1) Most Participants Are Small Businesses... Is It Applicable to Large Corporations?
Let’s look at the characteristics of the 33 companies participating in this experiment. More than half of these companies, 17 in total, are small businesses with fewer than 10 employees. Companies with 10 to 100 employees account for over 40%. Only two companies among the participants have more than 100 employees. This means the experiment was mainly conducted among small and medium-sized enterprises.
Barry Frost, founder of Rent-a-Recruiter, an Irish company with 24 employees participating in the experiment, told U.S. economic media Business Insider in an interview that "reducing working hours provides a 'competitive advantage' to small and medium-sized enterprises like ours when trying to attract talent," and that adopting a four-day workweek became a differentiating factor. In small businesses, the four-day workweek is used as a kind of welfare benefit in the talent competition.
Changes in work systems inevitably vary depending on company size, considering communication and diversity of tasks within the company. Taking this into account, Bloomberg reported on the 4th (local time) that Four Day Week Global is currently negotiating to conduct experiments next year with companies having 1,000 to 35,000 employees.
There is a company already conducting a similar experiment internally: Unilever, the maker of Dove and Vaseline. Unilever decided last month to expand the experiment from its New Zealand branch to Australia. While the New Zealand branch had only 81 employees, 500 employees will participate in the Australian experiment. The scale of the experiment has increased. It remains to be seen whether this experiment, which has mainly been conducted in small companies, can be well established in large corporations.

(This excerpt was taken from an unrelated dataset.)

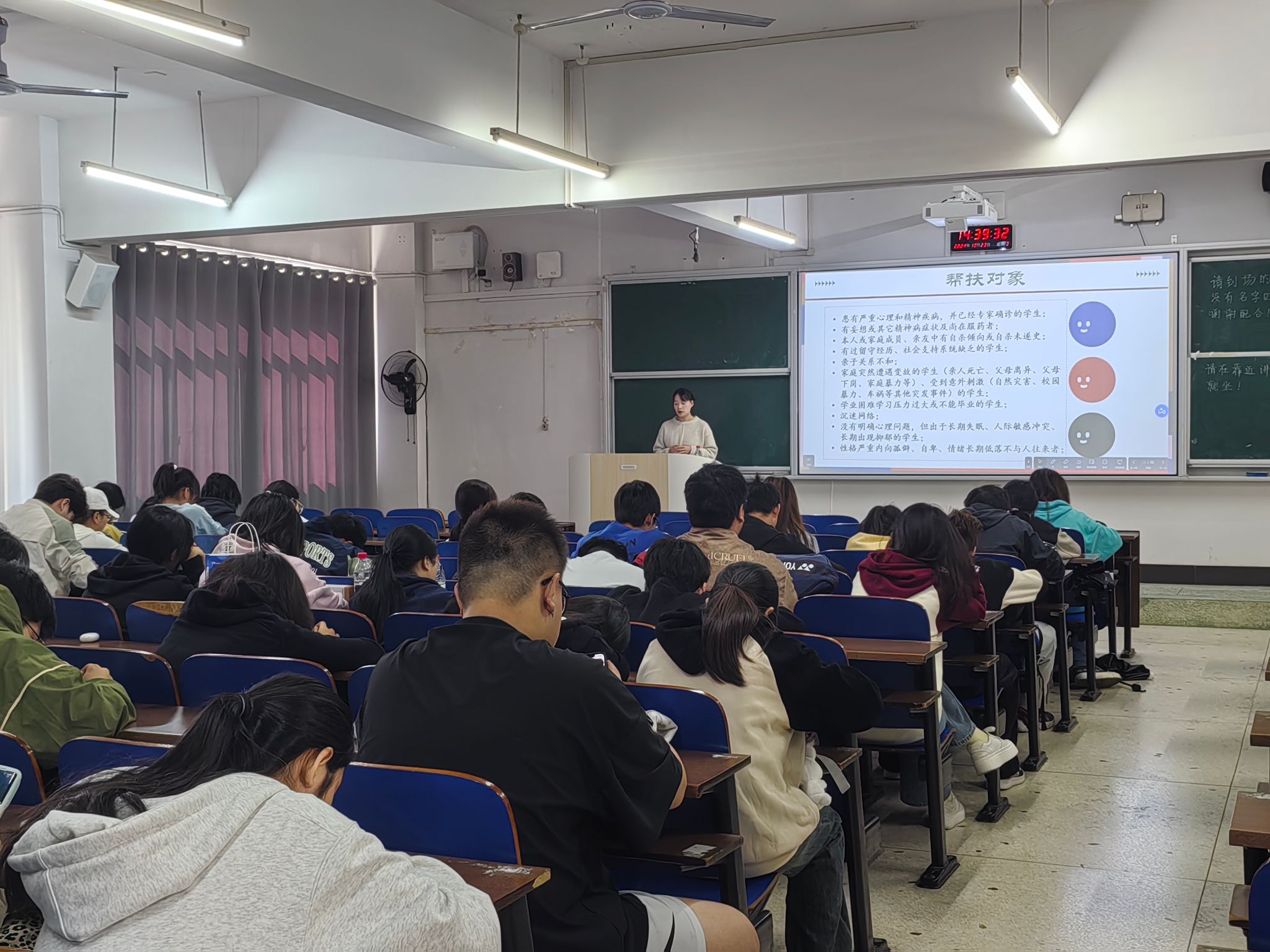 2024年10月23日下午14点,世界杯官网财政金融学院于第三教学楼109教室召开“守护心灵绿洲,让爱更有温度”心理健康教育主题培训。培训由单湘丽老师进行主持授课,学校心理健康中心卿再花博士、财政金融学院学工办主任易好老师以及全院各年级各班心理信息员、寝室长参加本次培训会议。

2) Where Was Time Reduced the Most?
So, what did companies mostly cut back on in this experiment to reduce working hours? Meetings. Last September, Bloomberg cited a survey by Professor Steven Rogelberg of the University of North Carolina, who surveyed 632 employees across 20 industries and found that employees spend an average of 18 hours per week in meetings. The research team estimated that this results in an annual loss of $25,000 per employee (about 33 million KRW), and for U.S. companies with more than 5,000 employees, an annual loss of $110 million.
Juliet Schor, a Boston University professor who authored the report on this four-day workweek experiment, said in a recent interview with Boston University Magazine, "The biggest reason productivity can be maintained is that the work reorganization focuses on reducing activities that have no value (in terms of reducing working hours)." She added, "The core target of work reorganization is meetings." Since meetings have been too long and inefficient, work reorganization involves using Slack or messaging applications to communicate efficiently.
3) "Six Months of Preparation"... Planning Is Crucial
Companies participating in the experiment emphasize that the preparation and planning phase before implementation is important. According to the mid-term evaluation of the UK’s four-day workweek experiment released by Four Day Week Global last September, one in five companies dropped out midway. Most stopped during the planning phase due to difficulties encountered while reviewing ways to reorganize work.
Jo O’Connor, CEO of Four Day Week Global, stresses that "the planning phase determines success or failure" and that employee participation is crucial. He said, "Even the most meticulous CEO in the world cannot know all the complex issues every employee faces daily."
Simon Ursell, managing director of Tyler Grange, a UK environmental consulting firm participating in the experiment, recently told BBC that "months of preparation before the pilot started were key." In the case of Hutch, a game development company headquartered in London, during the planning process, management received over 140 anonymous questions and answered them publicly, as well as held Q&A sessions with each team. Foreign media reported that Hutch’s management jokes that it took six months just to adopt the four-day workweek.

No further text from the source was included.